2.2. Faulty System Model

Several faults can affect the grid side wind energy conversion chain. Among them those refer to a continuous variation in certain parameters over the time which are occurred due to components degradation. For the switched system presented above, some faults are assumed to mainly happen. These main faults (one fault occurs at the same time) are the variation in output filter phases inductance and the variation in the DC-link voltage.
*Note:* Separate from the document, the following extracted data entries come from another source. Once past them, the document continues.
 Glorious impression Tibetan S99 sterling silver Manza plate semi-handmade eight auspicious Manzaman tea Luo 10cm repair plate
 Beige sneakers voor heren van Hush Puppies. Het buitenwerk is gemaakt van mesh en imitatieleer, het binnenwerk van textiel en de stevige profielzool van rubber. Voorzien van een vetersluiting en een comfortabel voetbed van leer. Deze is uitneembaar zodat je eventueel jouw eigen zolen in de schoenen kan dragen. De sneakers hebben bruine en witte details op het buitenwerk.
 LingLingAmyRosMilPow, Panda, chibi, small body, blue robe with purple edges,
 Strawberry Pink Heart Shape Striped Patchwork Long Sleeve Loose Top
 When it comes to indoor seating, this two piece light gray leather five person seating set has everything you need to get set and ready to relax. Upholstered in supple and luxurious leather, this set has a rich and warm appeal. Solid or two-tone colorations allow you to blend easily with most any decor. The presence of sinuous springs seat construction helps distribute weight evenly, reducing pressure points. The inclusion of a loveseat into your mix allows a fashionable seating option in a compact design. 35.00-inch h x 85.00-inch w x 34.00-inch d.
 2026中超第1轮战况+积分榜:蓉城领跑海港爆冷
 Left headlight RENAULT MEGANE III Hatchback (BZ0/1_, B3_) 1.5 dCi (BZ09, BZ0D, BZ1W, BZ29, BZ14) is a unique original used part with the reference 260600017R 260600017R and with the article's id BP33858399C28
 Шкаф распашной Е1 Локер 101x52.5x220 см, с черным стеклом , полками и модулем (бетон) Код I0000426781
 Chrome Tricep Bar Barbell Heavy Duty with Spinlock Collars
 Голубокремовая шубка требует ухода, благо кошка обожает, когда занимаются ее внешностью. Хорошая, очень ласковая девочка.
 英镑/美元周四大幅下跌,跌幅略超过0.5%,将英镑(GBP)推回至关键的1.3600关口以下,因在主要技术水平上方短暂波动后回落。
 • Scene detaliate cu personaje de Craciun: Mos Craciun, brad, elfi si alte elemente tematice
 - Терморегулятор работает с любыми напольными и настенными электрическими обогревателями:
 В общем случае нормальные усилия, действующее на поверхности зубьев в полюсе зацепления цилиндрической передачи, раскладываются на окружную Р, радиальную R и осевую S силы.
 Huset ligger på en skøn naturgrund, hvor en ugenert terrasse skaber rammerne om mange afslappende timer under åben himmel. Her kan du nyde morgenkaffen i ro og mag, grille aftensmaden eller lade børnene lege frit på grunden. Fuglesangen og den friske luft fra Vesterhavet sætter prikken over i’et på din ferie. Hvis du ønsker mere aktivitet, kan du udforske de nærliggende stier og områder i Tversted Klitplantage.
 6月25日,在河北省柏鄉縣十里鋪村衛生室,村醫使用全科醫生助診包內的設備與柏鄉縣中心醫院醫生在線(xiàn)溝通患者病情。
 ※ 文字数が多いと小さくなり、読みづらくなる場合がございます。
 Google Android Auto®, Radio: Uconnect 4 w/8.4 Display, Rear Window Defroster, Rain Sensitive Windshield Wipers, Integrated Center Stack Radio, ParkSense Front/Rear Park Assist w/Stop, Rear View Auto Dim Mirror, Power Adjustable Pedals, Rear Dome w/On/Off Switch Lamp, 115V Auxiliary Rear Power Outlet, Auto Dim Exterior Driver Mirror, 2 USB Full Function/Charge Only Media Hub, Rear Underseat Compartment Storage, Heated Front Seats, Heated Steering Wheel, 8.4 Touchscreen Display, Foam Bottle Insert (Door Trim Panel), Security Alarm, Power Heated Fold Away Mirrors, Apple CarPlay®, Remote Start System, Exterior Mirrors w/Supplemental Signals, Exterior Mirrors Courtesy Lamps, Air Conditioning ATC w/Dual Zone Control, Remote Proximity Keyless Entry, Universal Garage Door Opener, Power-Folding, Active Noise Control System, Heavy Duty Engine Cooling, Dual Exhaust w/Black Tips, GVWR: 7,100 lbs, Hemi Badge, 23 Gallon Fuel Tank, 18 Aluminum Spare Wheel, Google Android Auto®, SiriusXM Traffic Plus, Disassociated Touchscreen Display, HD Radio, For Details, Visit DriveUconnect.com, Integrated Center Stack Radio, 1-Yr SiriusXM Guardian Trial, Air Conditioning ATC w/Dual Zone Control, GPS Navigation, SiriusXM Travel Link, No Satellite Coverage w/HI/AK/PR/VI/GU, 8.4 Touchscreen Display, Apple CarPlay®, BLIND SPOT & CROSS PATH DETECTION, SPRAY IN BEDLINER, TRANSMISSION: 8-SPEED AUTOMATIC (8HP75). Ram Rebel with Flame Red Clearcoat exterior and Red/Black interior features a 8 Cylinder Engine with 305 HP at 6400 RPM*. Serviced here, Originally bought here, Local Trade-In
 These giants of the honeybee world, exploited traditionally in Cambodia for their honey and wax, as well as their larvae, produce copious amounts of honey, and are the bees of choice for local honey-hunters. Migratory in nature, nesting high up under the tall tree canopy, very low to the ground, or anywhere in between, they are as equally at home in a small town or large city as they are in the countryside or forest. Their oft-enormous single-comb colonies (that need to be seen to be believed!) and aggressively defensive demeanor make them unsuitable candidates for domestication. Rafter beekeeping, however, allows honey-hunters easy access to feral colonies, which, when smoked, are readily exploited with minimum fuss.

➢ Change in the DC-link voltage

Consider the system of Figure 1, we assume the occurrence of a fault in the DC-link that could be an increase or decrease in the controlled DC-link voltage $v_{dc}$. This fault can be modeled by $v_{d{c}^{\prime }}=v_{dc}+\Delta v_{dc}$ where $v_{dc}$ represents the nominal DC-link voltage value and $\Delta v_{dc}$ describes the unknown fault magnitude. Thus, this fault causes a disturbance in the state space dynamics.

Without loss of generality, it is possible to write the system “Equation (4)” in two parts; one represents the healthy dynamics of the system and the other one captures the effect of the DC-link fault. This is shown in the following representation “Equation (5)”.

$\stackrel{\dot{}}{x}\left(t\right)=Ax\left(t\right)+B_{\sigma \left(t\right)}v\left(t\right)+{\varphi }_1\left(t\right)F_1$ (5)

where, ${\varphi }_1\left(t\right)={\left[\begin{array}{ccc}{p}_1& p_2& p_3\end{array}\right]}^t$ and $F_1=\Delta V_{dc}$.

➢ Change in the output filter phase inductance

This fault is assumed due to a variation of one inductance (i.e., $L_i=L+\Delta L_i$; $i\in \left\{a,b,c\right\}$) where L is the healthy inductance. For this type of fault we need to

manipulate terms of the form $\frac{\text{d}}{\text{d}t}\left(L+\Delta L_a\right)$ in “Equation (1)” for the phase a.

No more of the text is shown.